The Oldman dam was constructed in 1992 just North of Pincher Creek Alberta, in spite of protests from the Peigan Nation on whose land the government was intruding. Beginning 1990, the Peigan Lonefighters Society began diverting the river using an excavator to render the multi-million dollar dam useless, leading to an armed standoff. King quotes directly from Little Mustache of the Brave Dog Society, who maintains that the Oldman Valley had always “provided the Peigans with willow to build sweat lodges; animal furs and feathers to make the holy ceremonial bundles; roots and herbs for healing; and cottonwood posts for the sun dance” (Flick).

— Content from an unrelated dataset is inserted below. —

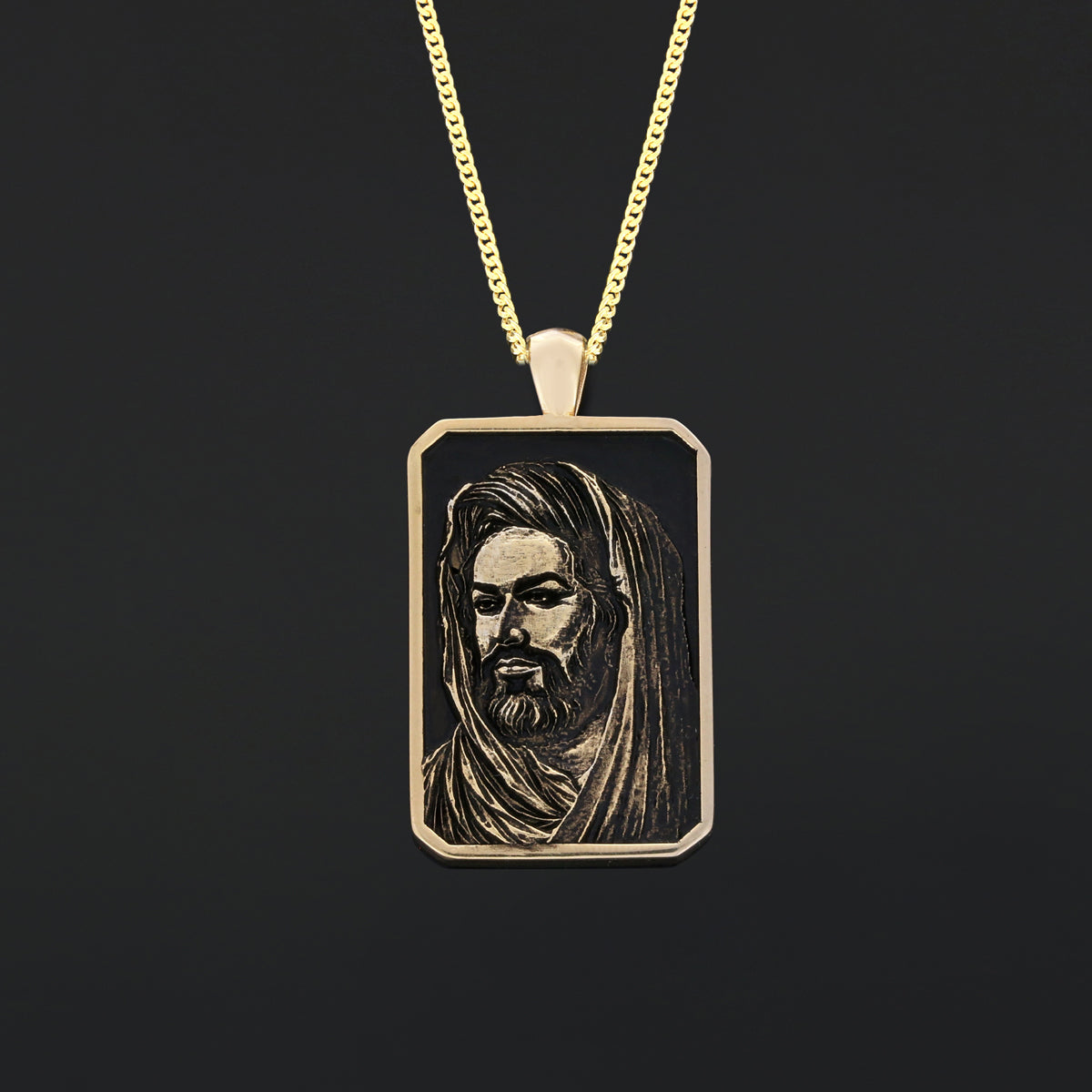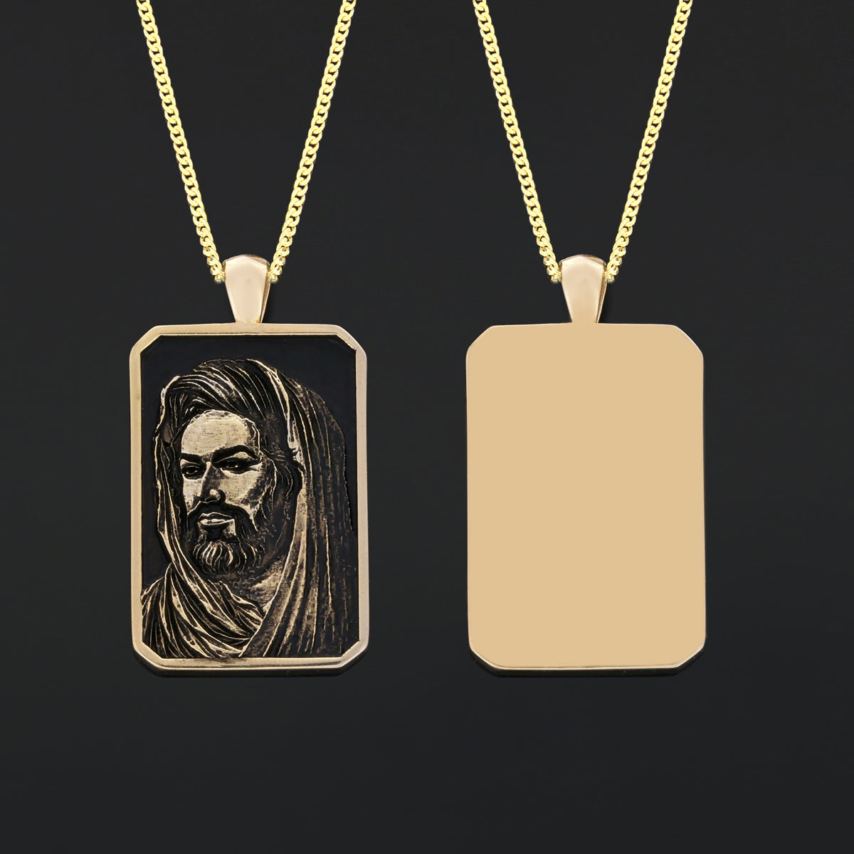 Hazrat Ali Face Necklace, Islamic Rectangular Pendant, Dhulfiqar Jewelry, Zulfiqar Face Necklace, Zulfiqar Jewelry, Muslim Silver Necklace Medium-Gold Coating

Dam-building staunches river flow and causes severe damage to local riparian biomes which are important to Indian cultural life.

“Maybe we should give the Cree in Quebec a call” (376)

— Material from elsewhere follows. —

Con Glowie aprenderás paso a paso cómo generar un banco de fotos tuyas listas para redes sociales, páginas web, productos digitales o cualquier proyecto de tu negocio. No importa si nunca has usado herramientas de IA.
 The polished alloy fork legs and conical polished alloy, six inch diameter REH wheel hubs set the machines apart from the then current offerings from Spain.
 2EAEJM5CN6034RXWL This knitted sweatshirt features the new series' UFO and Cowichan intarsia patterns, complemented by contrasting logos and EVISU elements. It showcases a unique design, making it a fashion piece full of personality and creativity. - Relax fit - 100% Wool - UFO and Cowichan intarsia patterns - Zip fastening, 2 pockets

Another allusion to the Great Whale projects, Eli refers to a settlement between the Cree and Quebec government in 1975. The First Nation was promised up to 2 percent of the revenue generated by Hydro-Quebec’s new dam—$3.5 billion over 50 years. Although the deal has drawn criticism from environmentalists, this capital base provides the tribe with much-needed resources for self-government and self-development.

“The Cree people are living in what can only be described as extreme poverty,” said David Boyd, a professor of environmental law at Simon Fraser University in Vancouver, British Columbia. “Their leaders made a decision—a very difficult decision, I’m sure—to sacrifice some of the environment to reap the economic benefits of development in their region” (National Geographic).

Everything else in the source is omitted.